Segment Start: DATA SUPPLIED
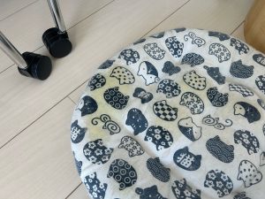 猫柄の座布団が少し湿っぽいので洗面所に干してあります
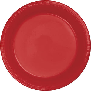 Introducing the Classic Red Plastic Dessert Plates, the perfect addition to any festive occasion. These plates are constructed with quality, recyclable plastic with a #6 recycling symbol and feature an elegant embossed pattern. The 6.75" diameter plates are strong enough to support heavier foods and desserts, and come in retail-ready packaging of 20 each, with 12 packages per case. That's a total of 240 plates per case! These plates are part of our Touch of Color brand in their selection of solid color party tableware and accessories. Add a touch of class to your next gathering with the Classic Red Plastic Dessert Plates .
Segment End: DATA SUPPLIED
Segment Start: DATA SUPPLIED
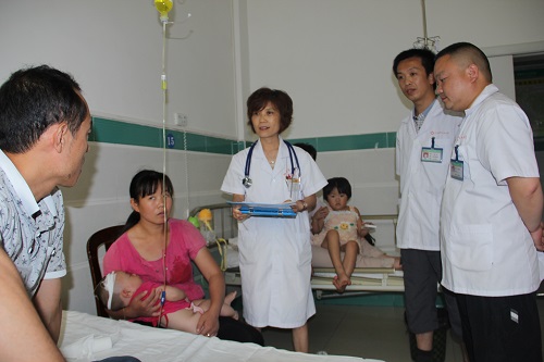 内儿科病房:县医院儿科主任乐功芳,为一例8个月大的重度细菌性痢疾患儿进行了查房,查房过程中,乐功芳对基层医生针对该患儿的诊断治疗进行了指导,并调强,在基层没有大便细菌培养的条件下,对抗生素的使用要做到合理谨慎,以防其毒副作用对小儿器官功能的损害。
Segment End: DATA SUPPLIED
» **ABOUT THIS EXERCISE**:
Starting at the line above that contains "猫柄の座布団が少し湿っぽいので洗面所に干してあります", transcribe every line exactly through the line that contains "Introducing the Classic", including that last one, and skip the pictures.

» **SOLUTION FOR THIS EXERCISE**:
 猫柄の座布団が少し湿っぽいので洗面所に干してあります
 Introducing the Classic Red Plastic Dessert Plates, the perfect addition to any festive occasion. These plates are constructed with quality, recyclable plastic with a #6 recycling symbol and feature an elegant embossed pattern. The 6.75" diameter plates are strong enough to support heavier foods and desserts, and come in retail-ready packaging of 20 each, with 12 packages per case. That's a total of 240 plates per case! These plates are part of our Touch of Color brand in their selection of solid color party tableware and accessories. Add a touch of class to your next gathering with the Classic Red Plastic Dessert Plates .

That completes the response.